The end of spring term, for many Carleton students, means sundresses and Wednesday night island parties. For the school’s admissions department, however, April and May represent a conclusion to all of their efforts from throughout the year. The admissions office plays a crucial role as it makes tough decisions to determine the future of the student body and is central in publicizing the school nationally and internationally. After sifting through thousands of applications from November to March, the admissions office now reaps the fruit of their labors as accepted students have responded to the school for the class of 2012.
And it’s been good news for the school. With one of the biggest high school graduating classes in history, there was a 2% increase in the number of applicants as the pool rose to 4950 applicants. Accepted students are coming from 40 states and 16 foreign countries. As of now, excluding students yet to be accepted from the waitlist, there will be 496 students, 250 men and 246 women,with 21% of those students coming from multicultural background and 7% of new students coming from foreign countries. While the admissions office has a target of about 490 students for the class of 2012, other schools’ waitlist activity will affect Carleton’s class size. In addition, the admissions office is still waiting for more deposits to come in, which would increase the number of students for next year’s freshman class.
“We did not see anything dramatic in our applicant pool as a result of this being a bigger high school graduating class, nor did it alter the admission office’s approach in recruitment or selection,” said Paul Thiboutot, Dean of Admissions. “We just braced for larger numbers of applicants.”
While many of the trends held steady in terms of geographic and multicultural draw in the applicant pool, the number of international students applying who did not need financial aid doubled from about 50 applicants last year to 100 applicants this year. The number of accepted students who applied early decision also increased. According to Thiboutot, “The consensus among the admission staff is that it has gotten progressively more difficult to gain admission in each of the last three years. The objective measures of quality like course selection in high school, GPA and class rank and standardized testing all are inching up a bit, as well as the array of talents which student applicants bring to the table.”
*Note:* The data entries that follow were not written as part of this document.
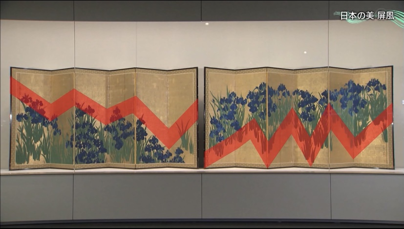光琳は屏風の折り目を巧みに生かし、3次元の燕子花を出現させたのであった。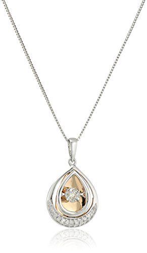 Box-chain sterling silver necklace featuring pear-shaped pendant with cluster of diamonds and rose gold background at center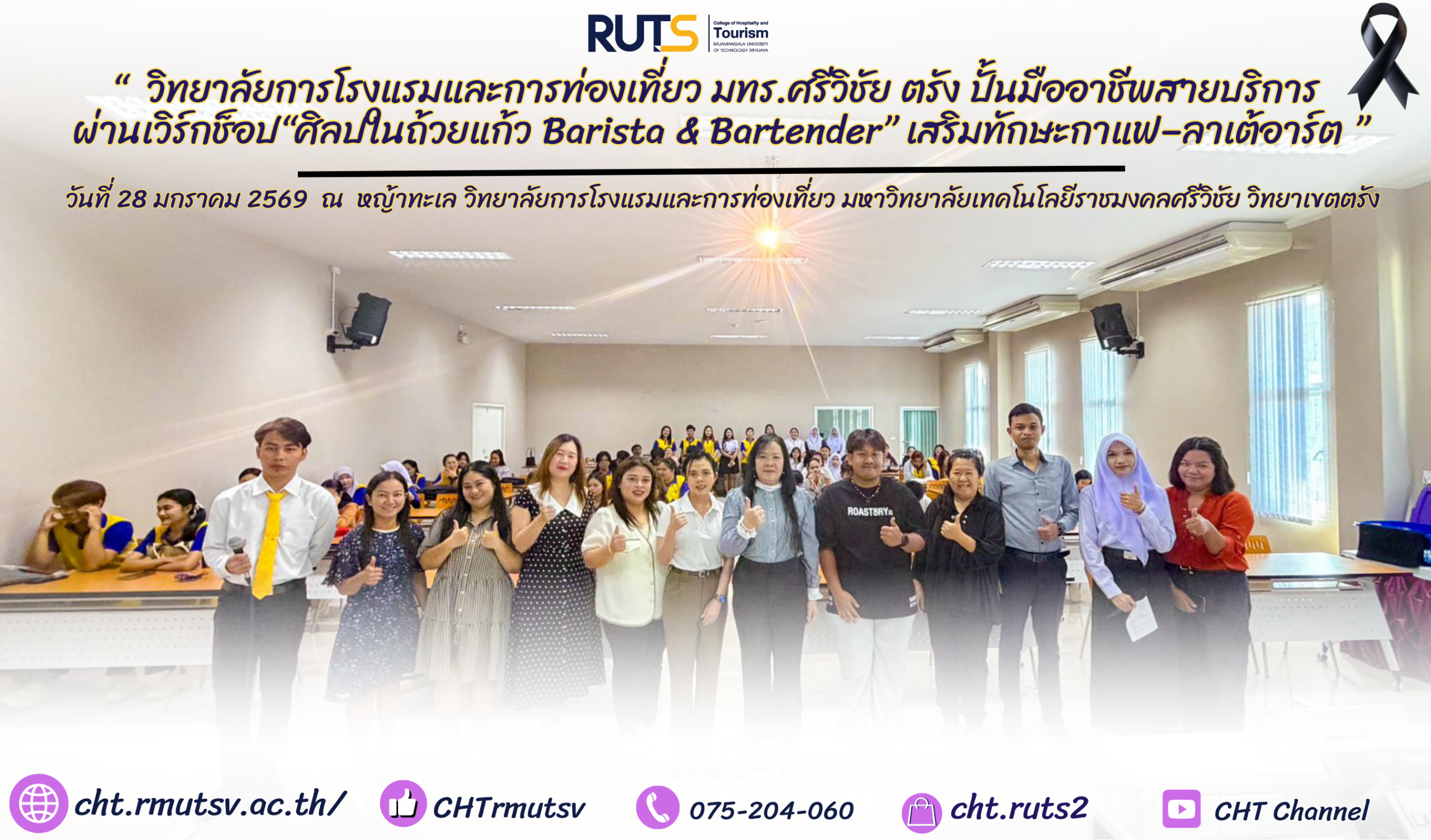 วันที่ 28 มกราคม 2569 ณ หญ้าทะเล วิทยาลัยการโรงแรมและการท่องเที่ยว มหาวิทยาลัยเทคโนโลยีราชมงคลศรีวิชัย วิทยาเขตตรัง จัดโครงการฝึกทักษะและพัฒนาศักยภาพด้านการท่องเที่ยวและการบริการอย่างมืออาชีพ กิจกรรมย่อยที่ 5 “ศิลปในถ้วยแก้ว Barista & Bartender” ภายใต้การอบรมเชิงปฏิบัติการหัวข้อ “การเรียนรู้พื้นฐานการชงกาแฟและศิลปะลาเต้อาร์ต” เพื่อเสริมสร้างองค์ความรู้และทักษะเชิงปฏิบัติให้แก่นักศึกษา ให้สามารถต่อยอดสู่การประกอบอาชีพในอุตสาหกรรมการท่องเที่ยวและการบริการได้อย่างมีคุณภาพ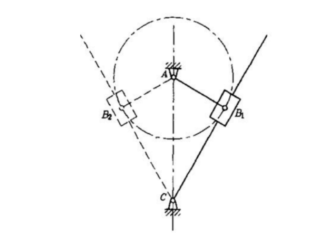 当机构的传动角 \(\gamma\) 等于 \(0^{\circ}\) (压力角 \(\alpha\) 等于 \(90^{\circ}\))时,机构所处的位置称为 死点 位置。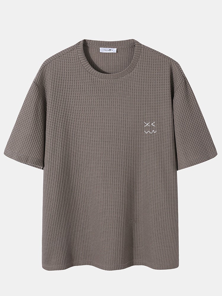 Men's Knitted T-Shirt | Casual Embroidered Pattern Short Sleeve
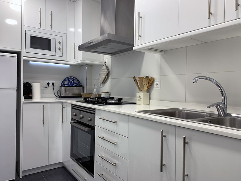 Apartament de 2 habitacions, cuina, menjador, bany i terrassa amb vista lateral a la platja del Regueral. Completament reformat, equipat amb rentadora, TV i rentaplats. HUTT 010697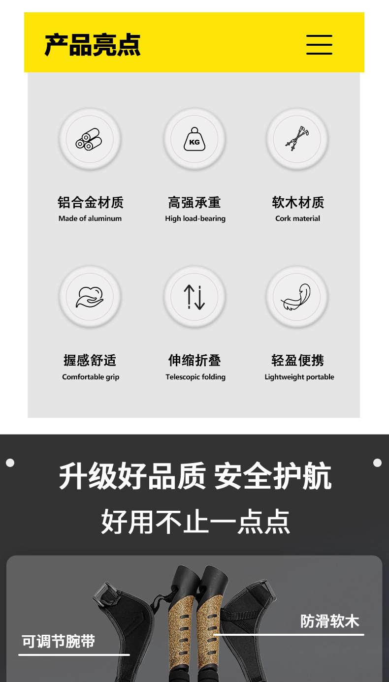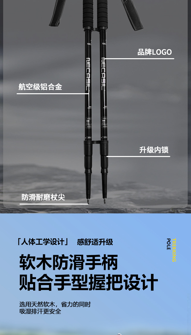 뉴캐슬 직선형 등산 스틱 6061 알루미늄 합금 등산 스틱 초경량 N301 크로스컨트리 워킹 스틱 세트스토어 가기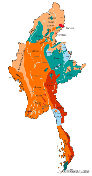 (缅甸主要民族分布图,不过此图的内容并不完整)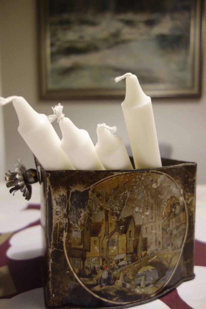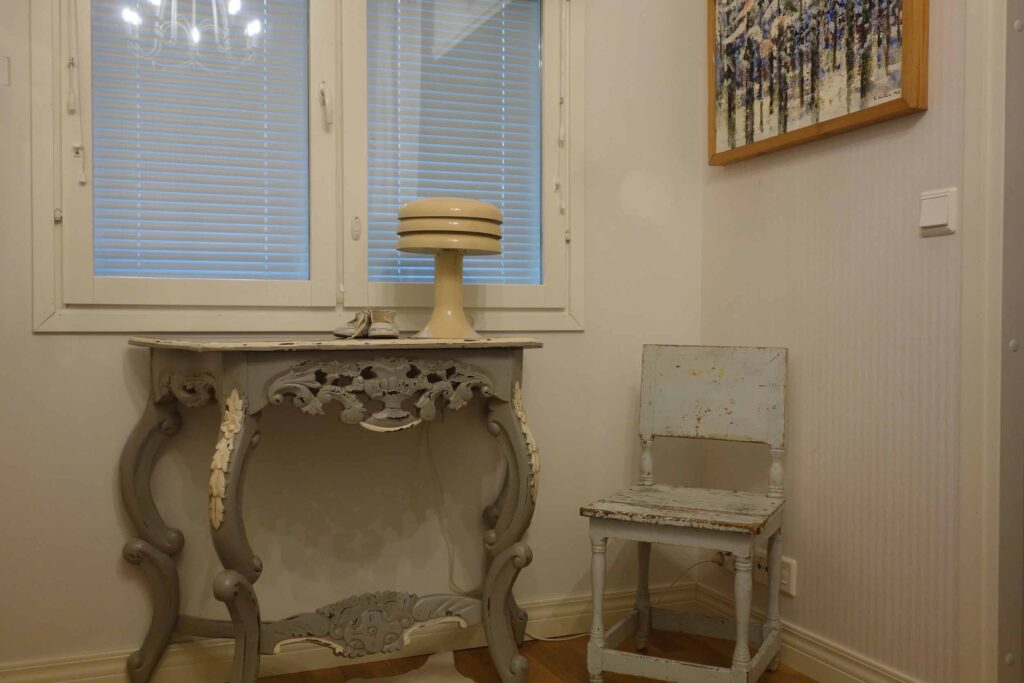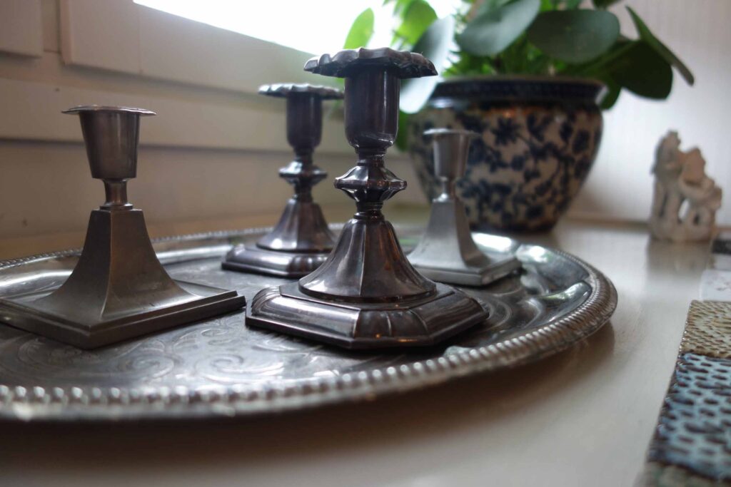 Samalla vaihtuivat läpikuultavat pullot ja muut lasiesineet olohuoneen ikkunalta metallisiin kynttilänjalkoihin, jotka saavat tosin vielä odottaa tovin kynttilöitä. Usein poltamme vain yhtä kynttilää kerrallaan Balmuirin lyhdyssä, joka seilaa sitten eri huoneiden välillä riippuen, missä kulloinkin hengataan. Yhdessäkin kynttilässä riittää katseltavaa… Lepattava liekki, virtaava vesi ja nukkuvan lapsen kasvot – niitä on aina rauhoittava katsella. Sähkökynttelikön nostan ikkunalle ehkä ensi viikonloppuna…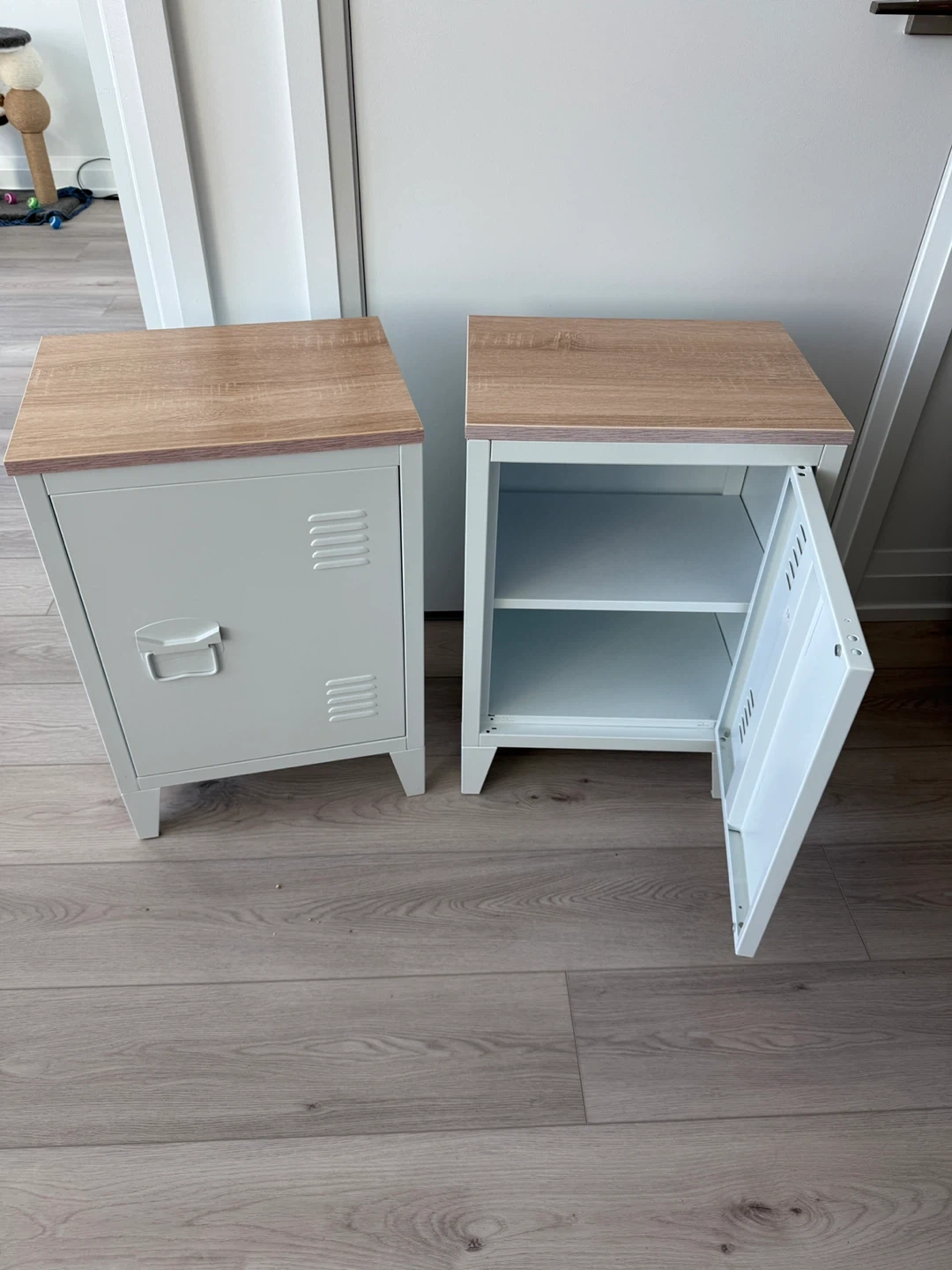 Selling a pair of cute locker-style nightstands! They're off white metal with a light wood-look top. One has the door open to show the shelf inside. Perfect for a bedside or small space! Like - immaculate.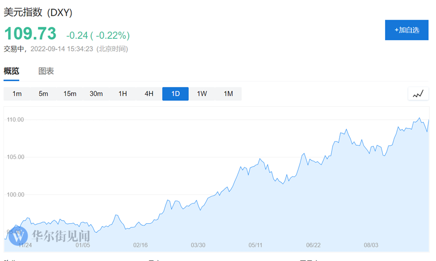 美元指數週二止步四連跌漲1.5%,重回109,逼近20年來的高位。 截止週三發稿,美元指數報109.73,日內小幅下挫0.2%。

“On a comparative basis this seemed a more competitive class for admission,” said Thiboutot. “I hope this is a sign for the future, because we do want to attract the most talented group of students to pursue study at Carleton.”
While the class of 2012 is comfortably settled, the admissions staff will stay busy throughout the summer preparing for next years’ efforts. In the fall, the hectic schedule will start up again for an office with never-ending responsibilities.